Genetic Algorithm Recombination Detection (GARD; Kosakovsky Pond et al. 2006), mixed effects model of evolution (MEME; Murrell et al. 2012), single likelihood ancestor counting (SLAC; Kosakovsky Pond and Frost 2005), and BS-REL analyses were performed through the DataMonkey server (Delport et al. 2010) (http://www.datamonkey.org, last accessed January 30, 2014).

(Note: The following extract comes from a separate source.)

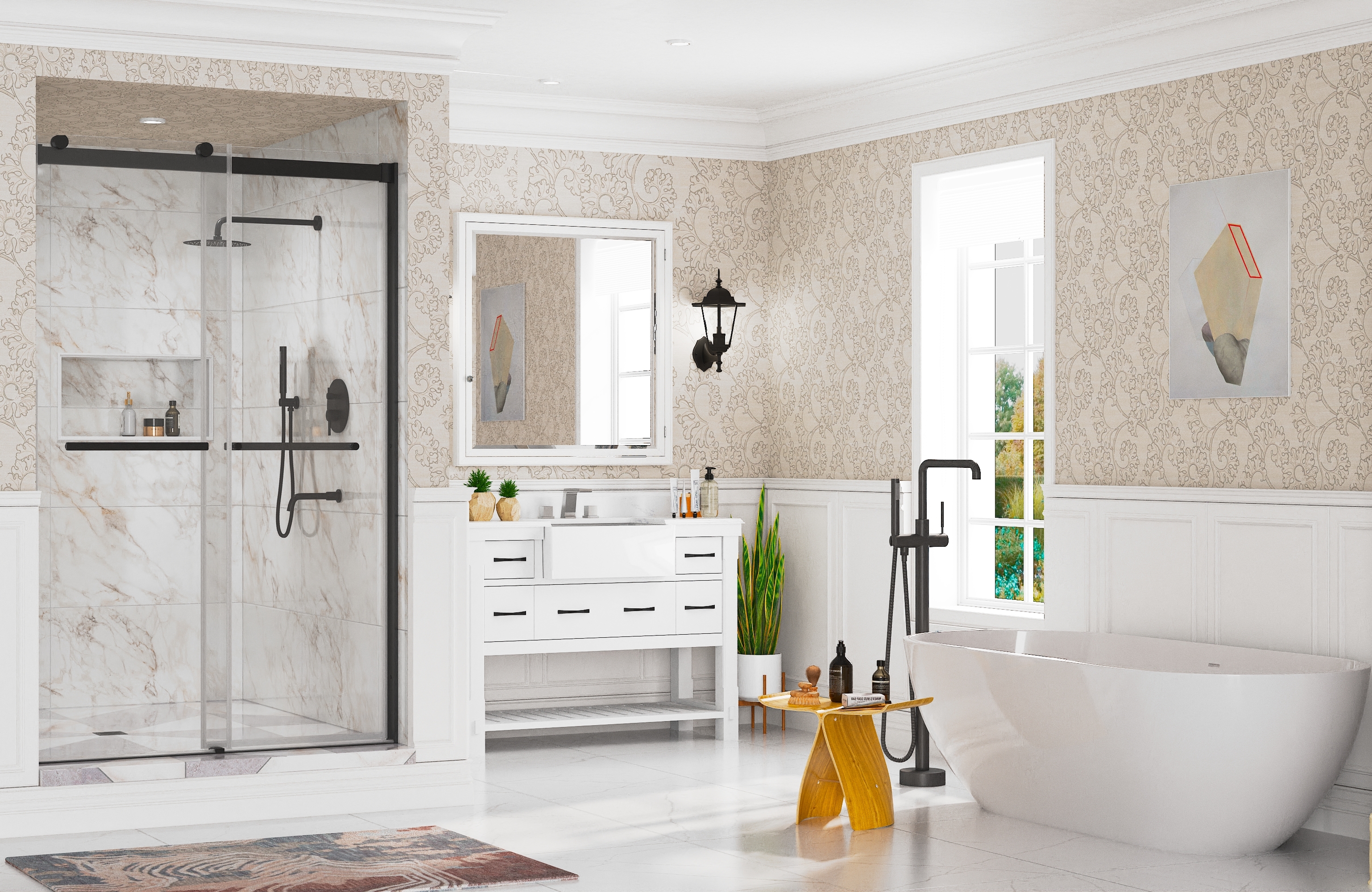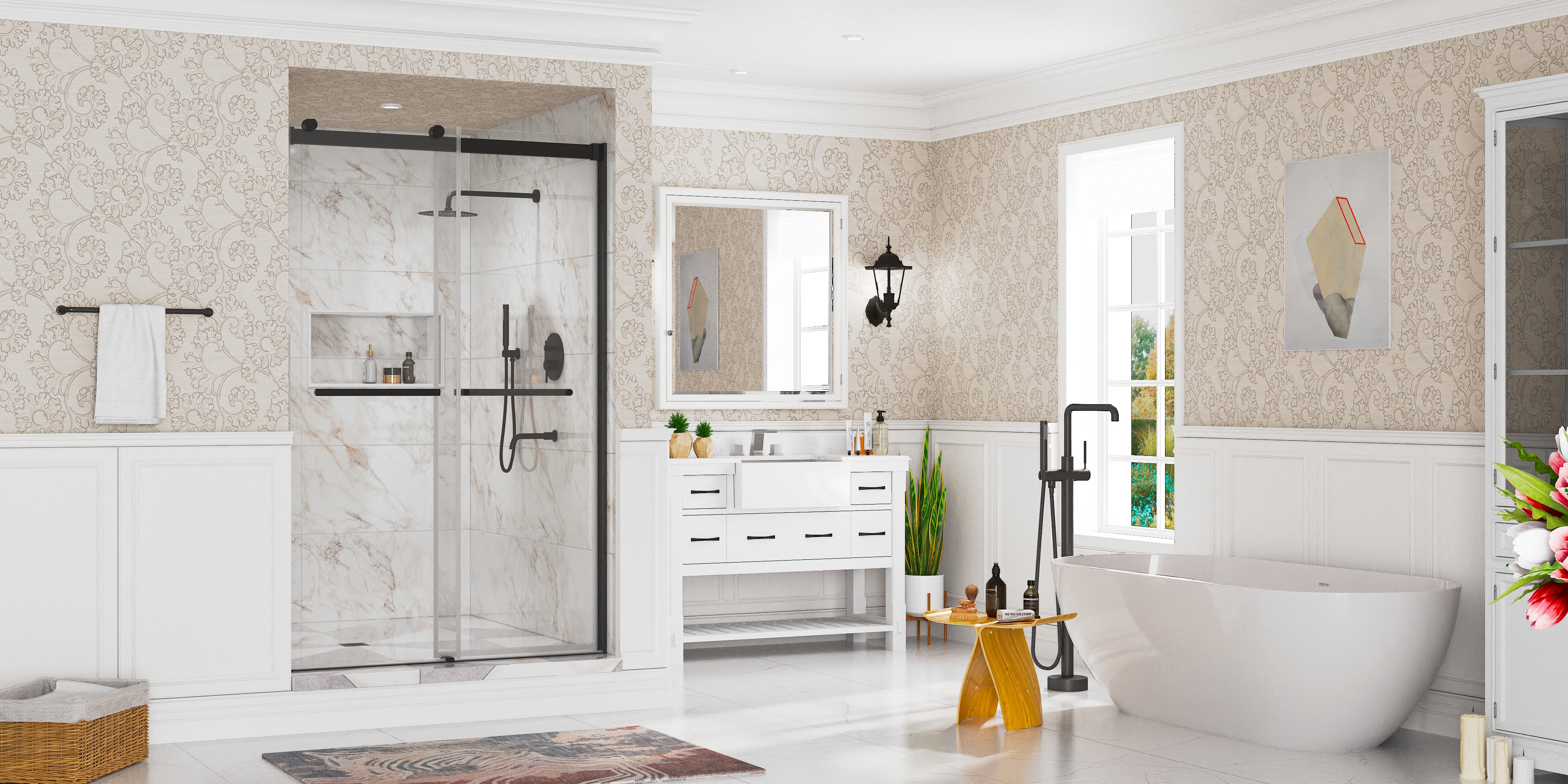 Includes sink faucet with waterfall spout, and bathtub faucet with a handheld showerhead, providing precise control for a serene filling experience.

Population Genetics–Phylogenetics Analysis

Data from the Pilot 1 phase of the 1000 Genomes Project were retrieved from the dedicated website (1000 Genomes Project Consortium et al. 2010). Low-coverage single-nucleotide polymorphism genotypes were organized in a MySQL database. A set of programs was developed to retrieve genotypes from the database and to analyze them according to selected regions/populations. These programs were developed in C++ using the GeCo++ (Cereda et al. 2011), the libsequence (Thornton 2003), and the mysqlpp libraries. Coding sequence information was obtained for the four ALR genes. To analyze the distribution of fitness effects (DFEs) for ALR genes, we used gammaMap (Wilson et al. 2011). We assumed θ (neutral mutation rate per site), k (transitions/transversions ratio), and T (branch length) to vary among genes following log-normal distributions. For each gene, we set the neutral frequencies of non-STOP codons (1/61) and the probability that adjacent codons share the same selection coefficient (P = 0.02). For selection coefficients, we considered a uniform Dirichlet distribution with the same prior weight for each selection class. For each gene, we run 10,000 iterations with a thinning interval of 10 iterations.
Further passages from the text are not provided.